Hay un razonamiento primario bastante extendido: «De religiones, ni hablar: ¡somos marxistas!».

Bien, si somos marxistas, recordemos la célebre cita de Marx al respecto: Das religiöse Elend ist in einem der Ausdruck des wirklichen Elendes und in einem die Protestation gegen das wirkliche Elend. Die Religion ist der Seufzer der bedrängten Kreatur, das Gemüth einer herzlosen Welt, wie sie der Geist geistloser Zustände ist. Sie ist das Opium des Volks.

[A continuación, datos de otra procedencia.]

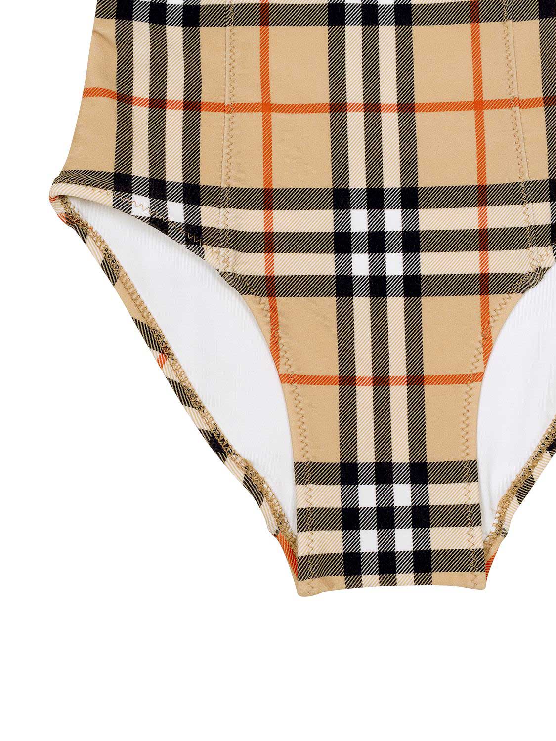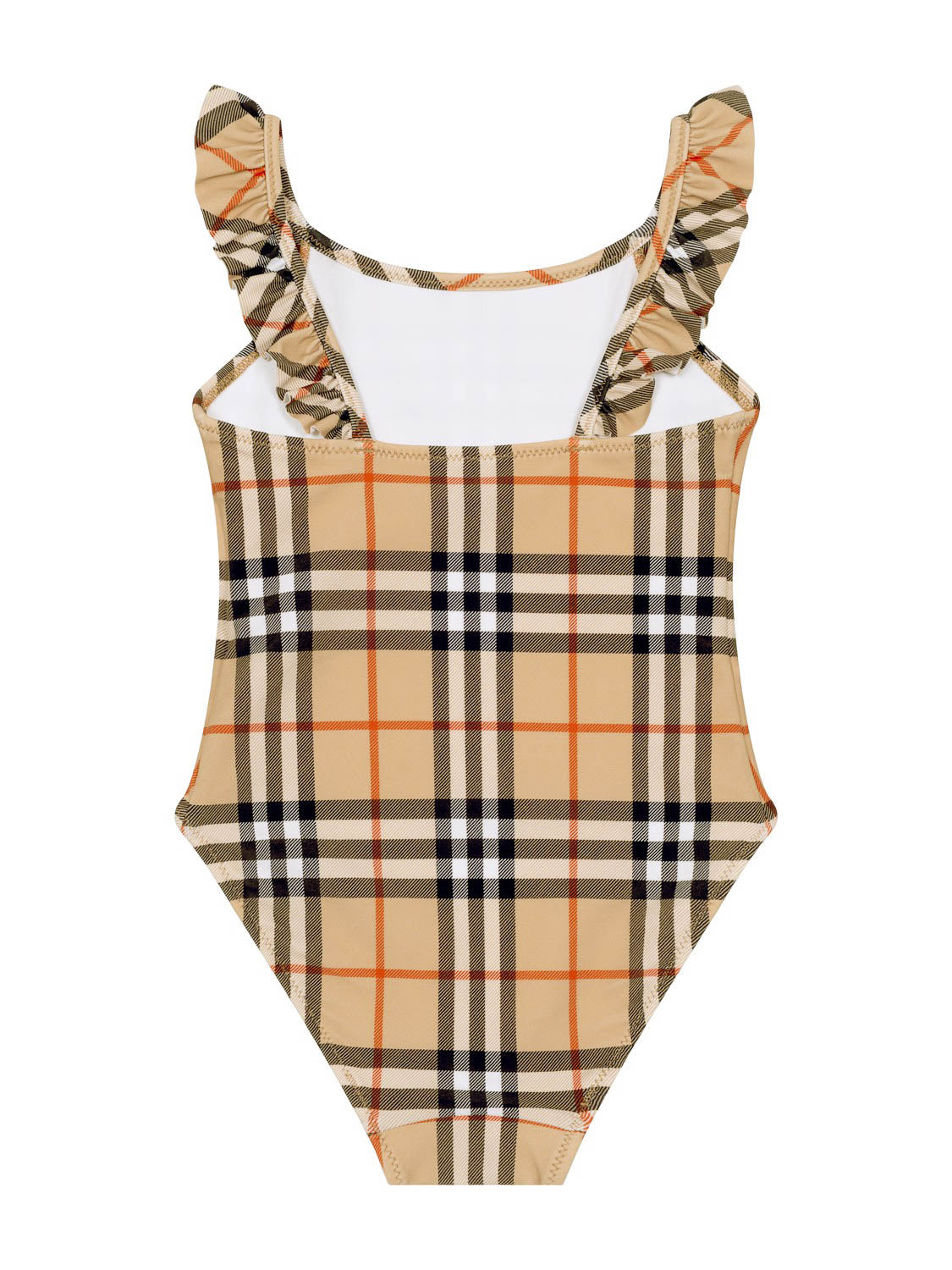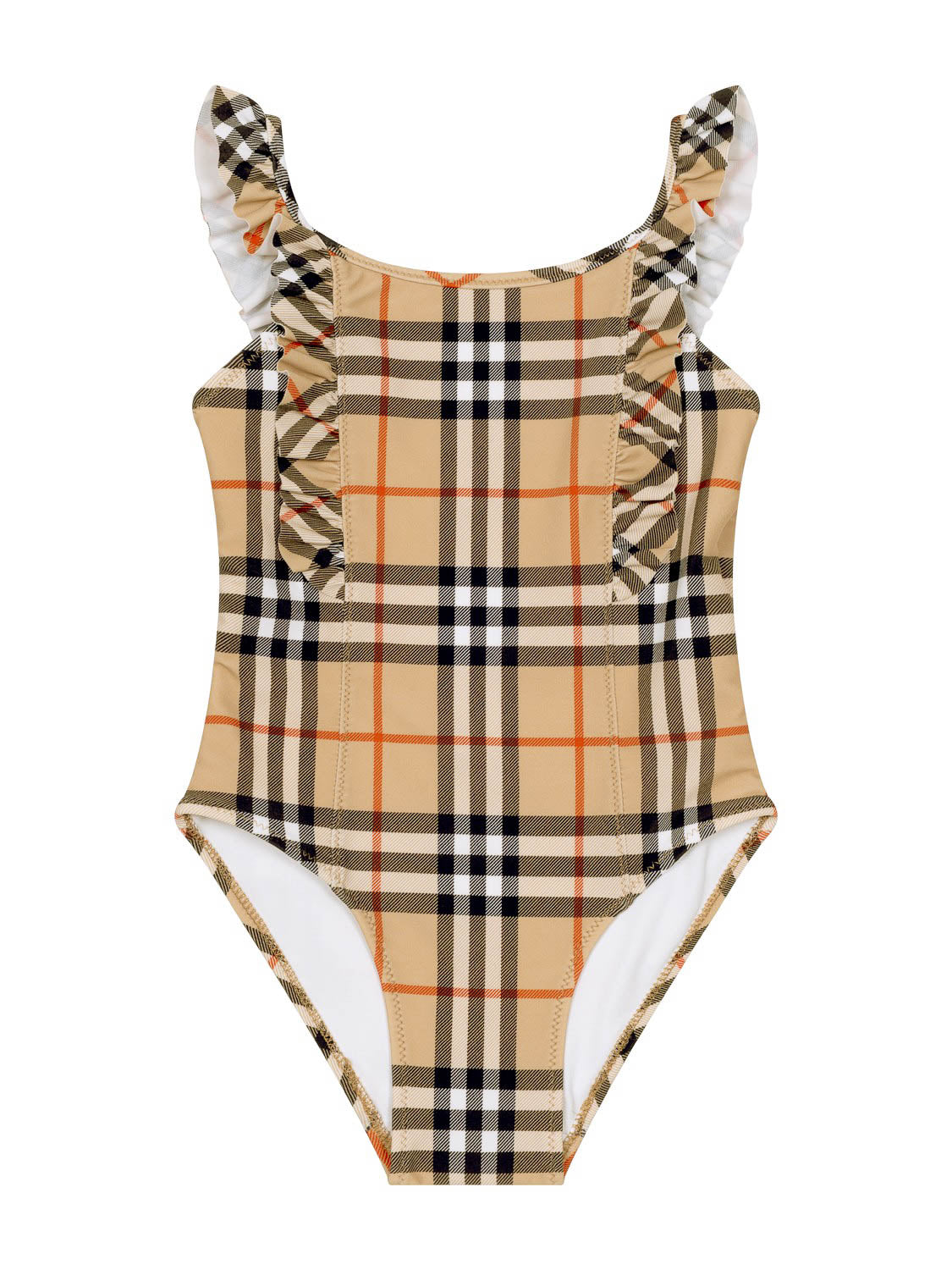 Der edle Tilly Badeanzug von Burberry Kids ist zeitlos elegant und mit einem verspielten Volant an den Trägern versehen – ein raffiniertes Sommer-Must-have für stilbewusste Mädchen, das Luxus und Funktionalität mühelos vereint. Das Design ist mit dem ikonischen Burberry Check-Karomuster in Signature Sand-Beige versehen, welches sich auch dezent in den Rüschen widerspiegelt. Hergestellt aus schnelltrocknendem Nylon, bietet das Modell höchsten Tragekomfort, während die geschmeidige Materialqualität sich jeder Bewegung anpasst.
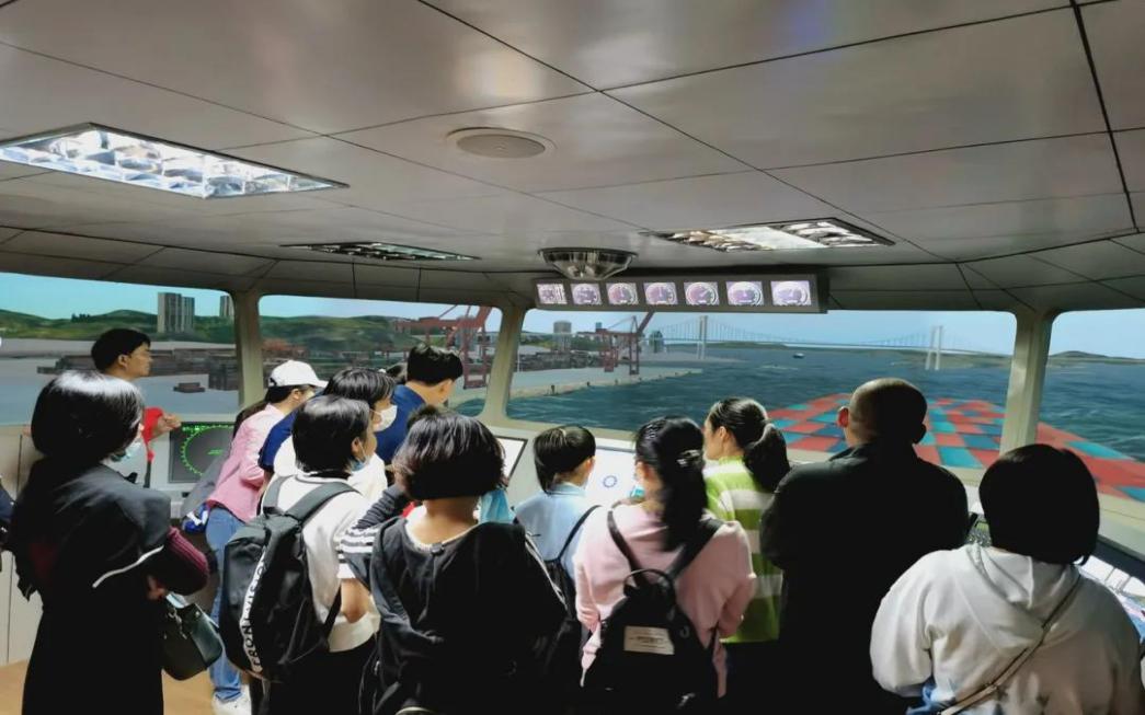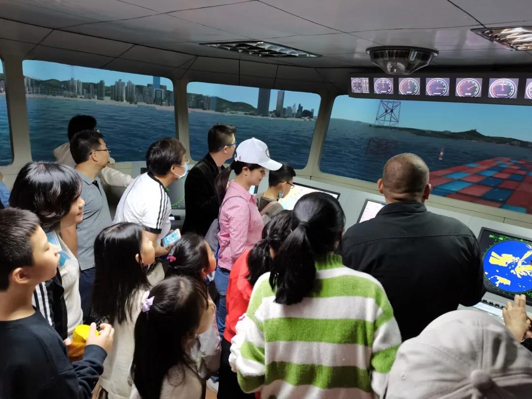 随后,家长及小朋友们到航海模拟器实训室进行参观。讲解员黄老师解说各种仪器是如何操作,如何控制,还有如何应对各种天气下海上的状况,以保证船只之间不会发生碰撞以及出现海难时如何机智的逃生,船只下沉时如何逃离下沉所产生的巨大漩涡等。讲解完成之后还进行了实际操控,小朋友们在指导下真实体验驾驶巨轮航行,充分感受航海航行乐趣。
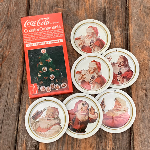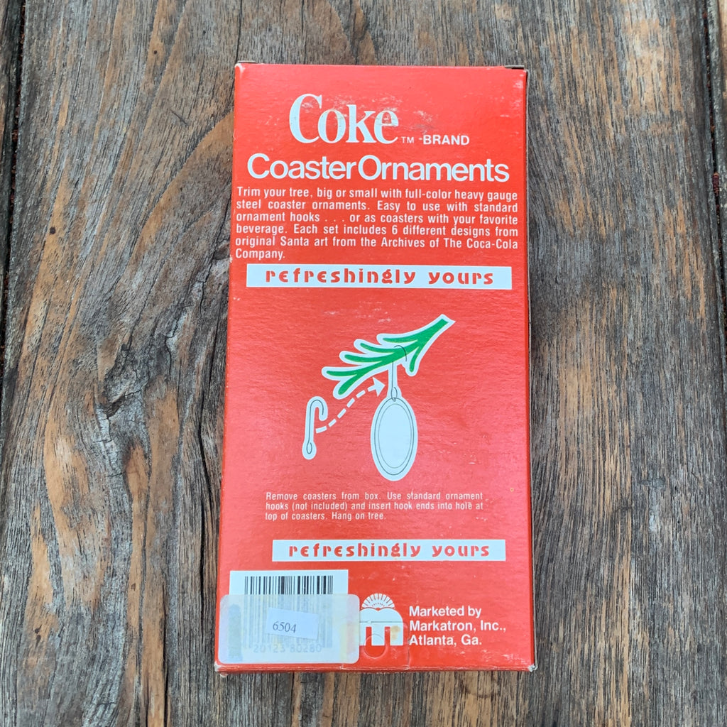 • Glasuntersetzer (Metall): 6 Stück zum Aufhängen (Christbaum) im Originalkarton von The Ohio Art Company, Ø 9,0 cm

En efecto, para la bedrängten Kreatur (el oprimido), la religión es una droga (das Opium) que le ayuda a soportar su situación, pero ello no significa de forma automática que sea algo que le lleve a aceptar esa opresión (podríamos hacer un paralelismo con la psiquiatría: si una persona, que ya no soporta las condiciones de vida que el sistema le impone, acude a un terapeuta que le prescribe unas pastillas, está claro que debe saber que lo que hay que hacer es luchar para cambiar esas condiciones de vida insoportables, pero mientras tanto no vamos a quitarle sus antidepresivos). La misma actitud que hay que mantener ante los psicofármacos y las drogas puede esgrimirse frente a la religión.

El islam sirve de refugio contra el racismo en el estado francés, como ya lo fue en Estados Unidos, donde los afroamericanos empezaron a crear organizaciones islámicas de resistencia antirracista desde 1930 (cabe recordar que incluso militantes tan preparados como el propio Malcolm X peregrinaron a La Meca, con la esperanza de haber encontrado una religión que no les hiciera «poner la otra mejilla»).

Pero incluso el cristianismo ha servido de refugio en África y América Latina. En la Sudáfrica del apartheid, los africanos esgrimían el mensaje evangélico de igualdad entre todo el género humano como respuesta a la política de segregación. En la Nicaragua de los Somoza, Ernesto Cardenal se dirigía así desesperadamente al dios de los cristianos:

Libéranos Tú, ya que no nos pueden liberar los partidos

De hecho, no pocos militantes han llegado al socialismo por querer ser consecuentes con el mensaje igualitario presente en muchas religiones. Saltar de la caridad a la solidaridad no es algo difícil de entender; Hélder Câmara afirmó:

Quando dou comida aos pobres chamam-me de santo. Quando pergunto por que eles são pobres chamam-me de comunista.

Las facciones religiosas en la lucha de los pueblos musulmanes, que al principio incluso fueron propiciadas por el imperialismo para contrarrestar la fuerza de las organizaciones socialistas , cobraron gran fuerza tras la desaparición de la URSS. No es difícil imaginar la razón: si el «socialismo real» aparecía tan frágil, muchos militantes decidieron integrarse en grupos de inspiración islámica, pues «solo Alá no les traicionaría». Es así como en todo el mundo musulmán, de Marruecos a Indonesia pasando por Palestina, los grupos islamistas han arrebatado a las organizaciones socialistas y comunistas la bandera del antiimperialismo en estos últimos años.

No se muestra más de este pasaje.